El agrandamiento de la próstata puede ocasionar síntomas molestosos, pero por fortuna hay remedios para tratarse de inmediato, no como otras afecciones de mayor gravedad que se cuelan por esos recovecos.

Menos mal que tiene un hospital y un batallón de médicos a su servicio. La próstata del rey es VIP. Miles de hombres que sufren de lo mismo no tienen atención, porque no existen los servicios en los lugares donde viven y en otros casos porque los hay, pero no los pueden pagar. Fatal. Según la Sociedad Americana del Cáncer, uno de cada ocho hombres sufrirá de cáncer de la próstata. Les repito, es un asunto serio. Tan serio como lo que en mayor cantidad pasamos las mujeres con la visita al ginecólogo, la mamografía y el incómodo y antipático examen endovaginal, que mentalmente transcurre durante horas, aunque en realidad toma solamente unos minutos.

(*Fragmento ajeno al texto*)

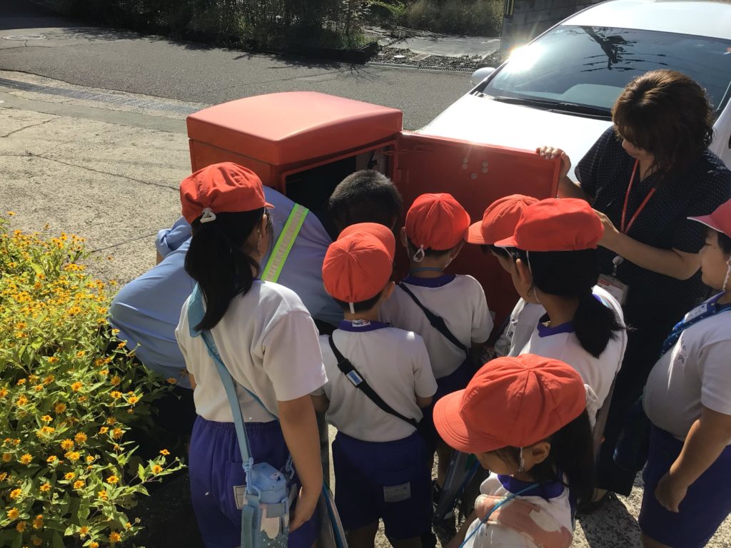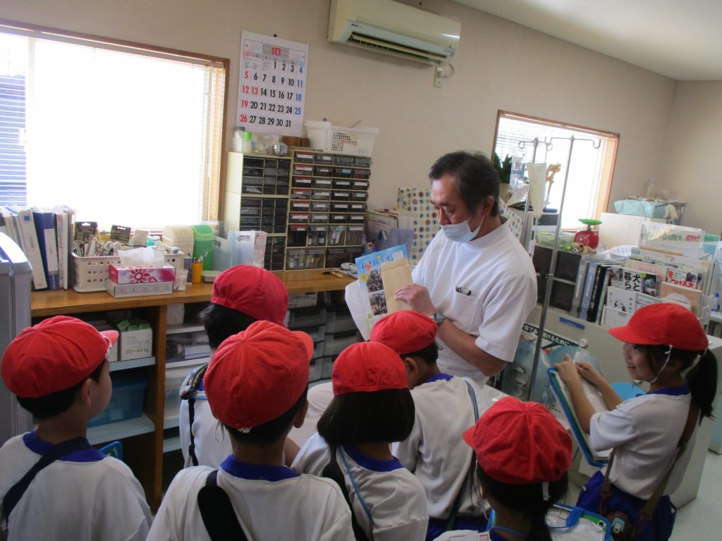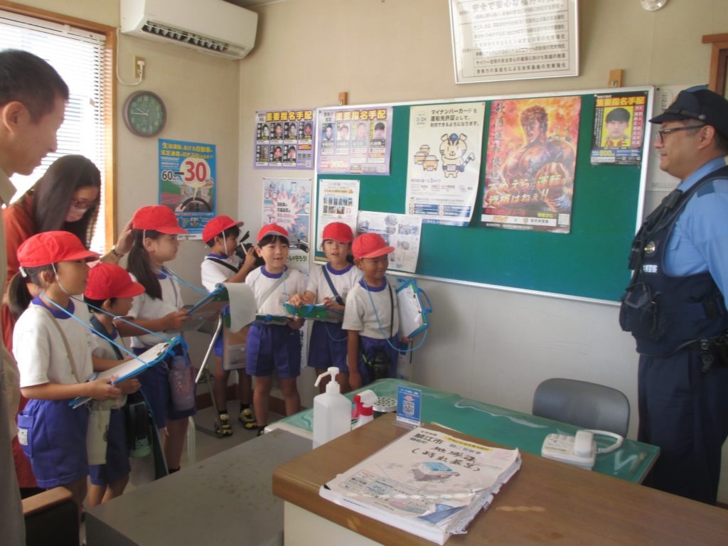 2年生が町たんけんに出かけました。駐在所や伍代工務店、のろ動物病院など、4グループに分かれて、8つの場所を探検させていただきました。詳しいお話を聞かせていただいたり、質問に答えていただいたり、そこにあるものを見せていただいたりすることで、新しい発見がたくさんありました。お世話になった地域の方々、ありがとうございました。

Pero bueno, que hay que guardar los miedos en el fondo del cajón y meterle mano a los chequeos de rigor que debemos practicarnos anualmente. A tiempo todo tiene remedio, o por lo menos alivio. El problema es que nos dejamos para último. Trabajo, hijos, familia, casa y compromisos van primero en esa lista en la que deberíamos figurar en el primer lugar. Enero es un buen mes para calendarizar el chequeo anual, que sea completo, desde la cabeza hasta los pies. Sobre todo, con la escasez de médicos y la saturación de las agendas de los que hay, lo que provoca que las citas sean meses después. En un abrir de ojos entramos en febrero y cuando vengamos a ver, ya estaremos despidiendo el año otra vez. Así que hay que mover el culete, sacudirse la modorra y actuar en beneficio de nuestro bienestar. No somos materia de titular, pero somos importantes y merecemos estar saludables.

Las mujeres somos, por alguna razón, más proactivas. Al toro por los cuernos es nuestra consigna, aunque nos dé terror visitar los médicos. Los hombres son un poco más vagonetas en el asunto, podríamos decir que le sacan el cuerpo. Pero hay que hacerlo, señores, hay que hacerlo.